This Sunday marks not only the first of four Sundays of the Advent season, but also the beginning of the new liturgical year. This the Church’s new year — our chance for a spiritual clean slate. Now is the perfect time for “new year’s resolutions” in our prayer practices and a strengthening of some holy habits.
After all, we may be crossing off the days to Christmas, our celebration of the Incarnation, but there is another “coming” that we can’t count on paper chains or calendars with cardboard flaps — the second coming of Christ, of which Jesus himself tells us, “You do not know on which day the Lord will come.”
This is a coming we must continuously prepare for, whether it be the Final Judgment of the world, or of our own soul. Just as the master of the house in the Gospel reading stays awake so as to “not let his house be broken into,” so we have to watch over our souls, on guard against the prowling liar and thief who would like nothing better than to steal our peace, our recollection and our sense of the sacred this season as we reset our spiritual clocks.
Even if we, negligent masters, have become drowsy, slothful or distracted, St. Paul in the second reading is ready to waken us, shaking us out of complacency and sin. “It is the hour now for you to awake from sleep,” he says, “the day is at hand.” What can put us to spiritual sleep? The promise of material pleasures wrapped in shiny bows? The overindulgence of premature celebrations? The stress of trying to create a “perfect” holiday experience? The numbing frenzy of an endless stream of activities?
Maybe this year we can shake off some of these diversions and “throw off the works of darkness,” as if we were flinging open the drapes after a long night. In the brilliance of the coming day, there is no room for the corruption of darkness, even if it is disguised as good. Anything that takes our focus off of the Lord has a false luster. One Advent candle has more true brilliance than a storefront shop window full of merchandise backlit by a streaming gigawatt of power.
The world doesn’t even know its own darkness, carrying on, oblivious to the countdown. “As it was in the days of Noah, so it will be at the coming of the Son of Man,” Jesus warns his disciples. Scripture describes those days as “corrupt” and “filled with violence” and continual evil and total depravity (Genesis 6:5-12), and we don’t need to look far in our own time to imagine what it may have been like.
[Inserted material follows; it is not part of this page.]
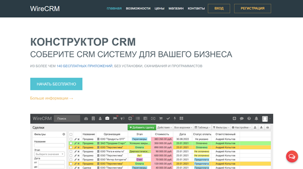Конструктор CRM предлагает множество функций на выбор: планировщик, учет клиентов, продаж, товаров и услуг, интеграция телефонии, почты, выставление счетов, формирование предложений и актов, учет финансов, интеграция с сайтом, автоматизация бизнес-процессов, запись клиентов на услуги, аналитика и отчеты, файловое хранилище, управление персоналом и прочее.

But if we have the “armor of light,” then we also have the mission to dissolve the artificial lights of the world that only serve to throw longer shadows. We have the opportunity to carry the true light of the Gospel into the darkness of broken lives and invite them to come with us this Advent, saying with Isaiah, “Come, let us climb the Lord’s mountain, to the house of the God of Jacob, that he may instruct us in his ways, and we may walk in his paths.”
“Let us walk in the light of the Lord!”